Why milkweed is the best plant: wasps!

Potter or mason wasp (Subfamily Eumeninae)
A potter or mason wasp (Subfamily Eumeninae) feeding on milkweed nectar, Barr Lake State Park, Colorado, USA. July 1, 2012.

Not only is milkweed food for adorable monarch butterfly caterpillars, but the right patch of milkweed can attract a host of interesting pollinators. After we checked out the burrowing owls the other weekend, we stopped at Barr Lake State Park for brunch, and I had to check out this fine stand of pink milkweed in full flower.

I’m kicking myself now for not taking some pictures of the actual plant. For one thing, it might have helped with identification, as some milkweed-loving insects are adapted to specific species, plus it’s generally a good habit to get into. In my defense, I was really excited about the wasps.

Because really, look at this gorgeous green-eyed square-headed wasp (Tachytes sp.).
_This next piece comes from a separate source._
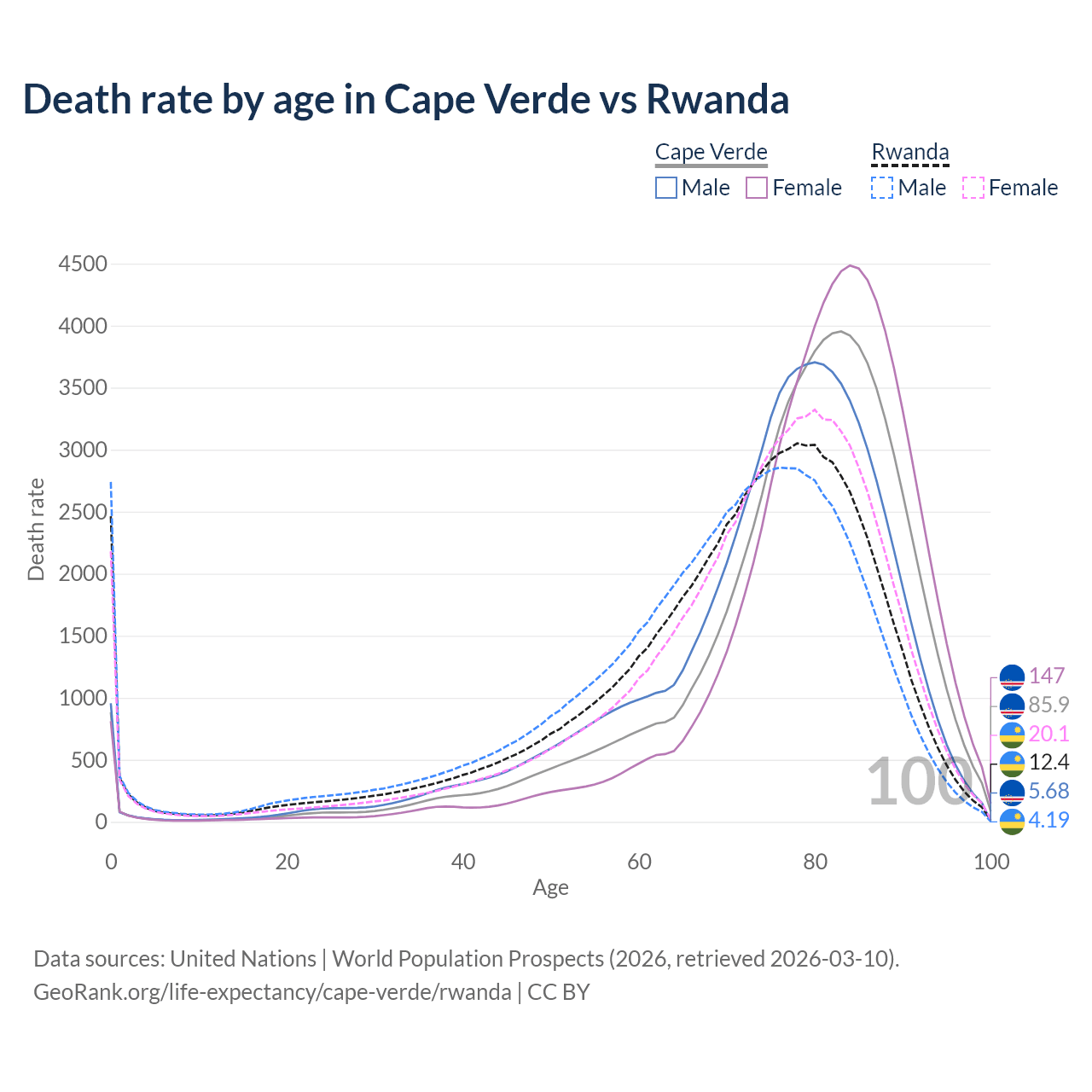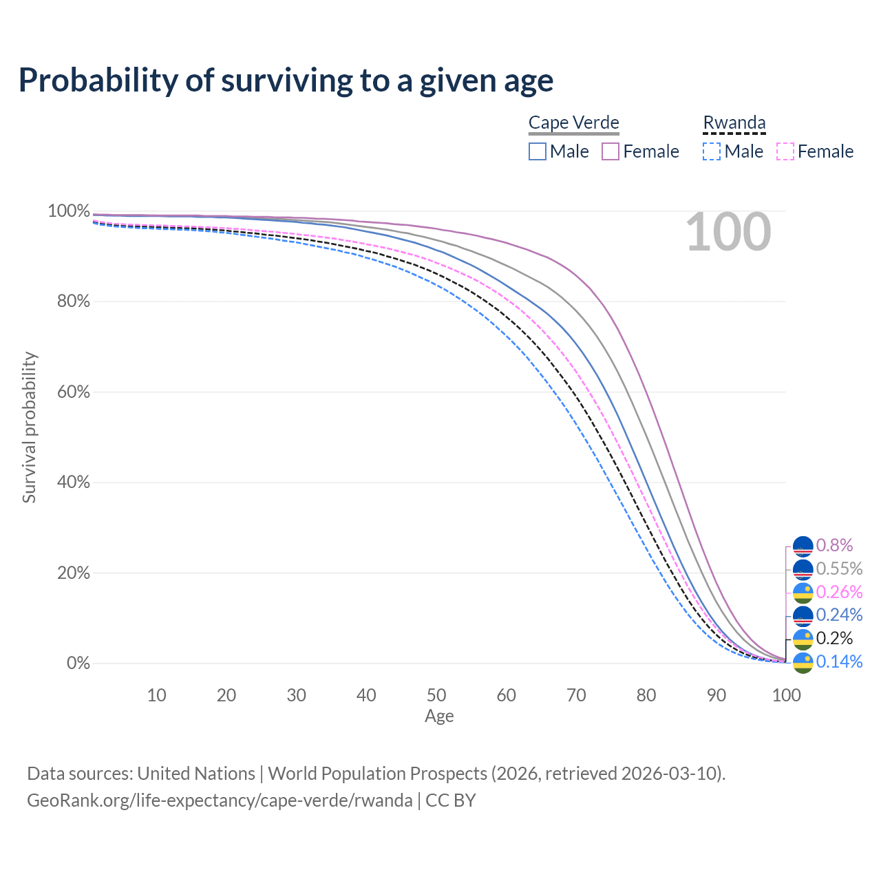 This life expectancy calculator shows the odds of living to 100, 95, 90, and below based on current age for both males and females in Cape Verde and Rwanda, along with mean and median age of death. The calculations are based on the 2026 life tables (actuarial tables) from the UN World Population Prospects.

Who wouldn’t get excited?

Square-headed wasp (Tachytes sp.)

There was a thread-waisted wasp (Prionyx sp.) gamely flying around feeding despite missing at least one and a half legs (it’s rough sometimes, being an insect):

Thread-waisted wasp (Family Sphecidae)

And a bunch of attractive yellow-spotted scoliid wasps, probably Scolia nobilitata:

Scoliid wasp (Scolia nobilitata)

But the mystery was this milkweed beetle (Tetraopes sp.):

Milkweed beetle (Tetraopes pilosus)

Most milkweed beetles are bright red and black–like many insects which feed on milkweed, including monarch caterpillars and milkweed bugs, they exhibit aposematic coloring. Milkweed contains toxins that make it unpalatable to many animals, and aposematic coloring indicates to predators that insects like milkweed beetles are also unpalatable.
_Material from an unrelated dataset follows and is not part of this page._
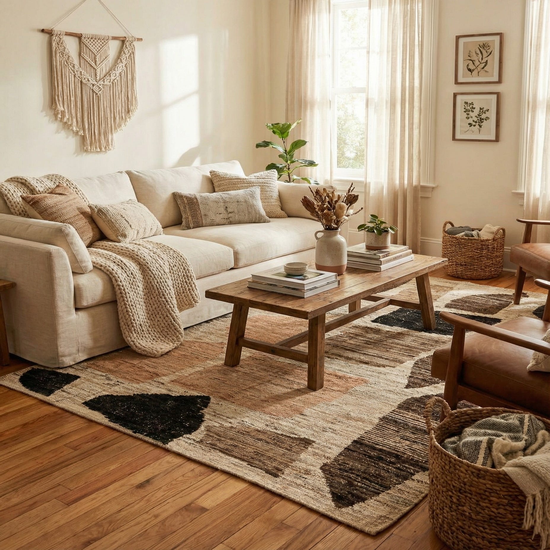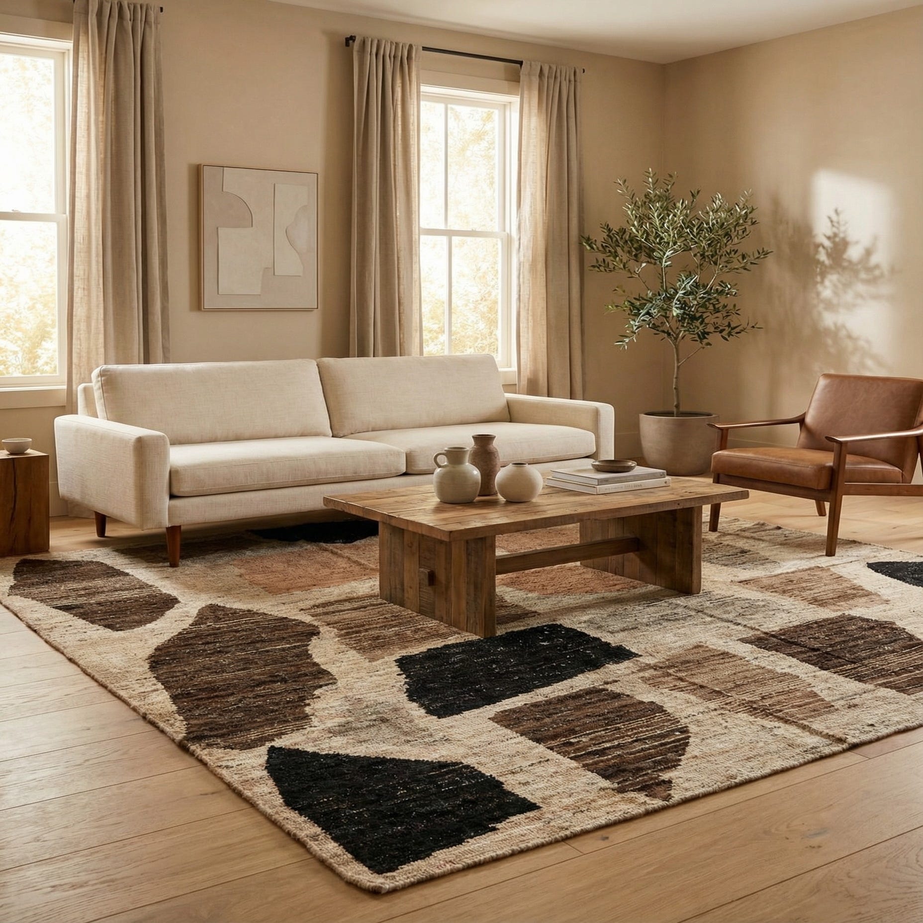 Primary color is Beige. Colors in this rug include: Beige, Black, Brown, Light Brown, Maroon.

There are a few species of milkweed beetle that sometimes exhibit pale forms, but the only one I know of that’s this pale is Tetraopes pilosus. T. pilosus does live in Colorado…so what’s the catch? Remember, earlier I mentioned that a lot of insects that eat milkweed are host-plant specific, and milkweed beetles may fall into this category. T. pilosus feeds on Asclepias arenaria and A. tuberosa, both white-flowered, less showy species, that are commonly found in sandhills.

While I can’t identify this milkweed for certain, I think it was probably A. speciosa, and definitely not either of the host plants for T. pilosus. It was growing at the edge of a grassy meadow near a lake, about as far from sandhill country as a habitat can be.

But the beetle really can’t be anything other than T. pilosus, and was identified as such by Michael C. Thomas over at BugGuide. So my best guess here is that milkweed beetles are not quite that host- or habitat-specific. If anyone has some insight on this, I’d love to hear it!

(Thanks to John S. Ascher, Michael C. Thomas, Ken Wolgemuth, and Eric R. Eaton at BugGuide for identification help. Remaining errors are mine.)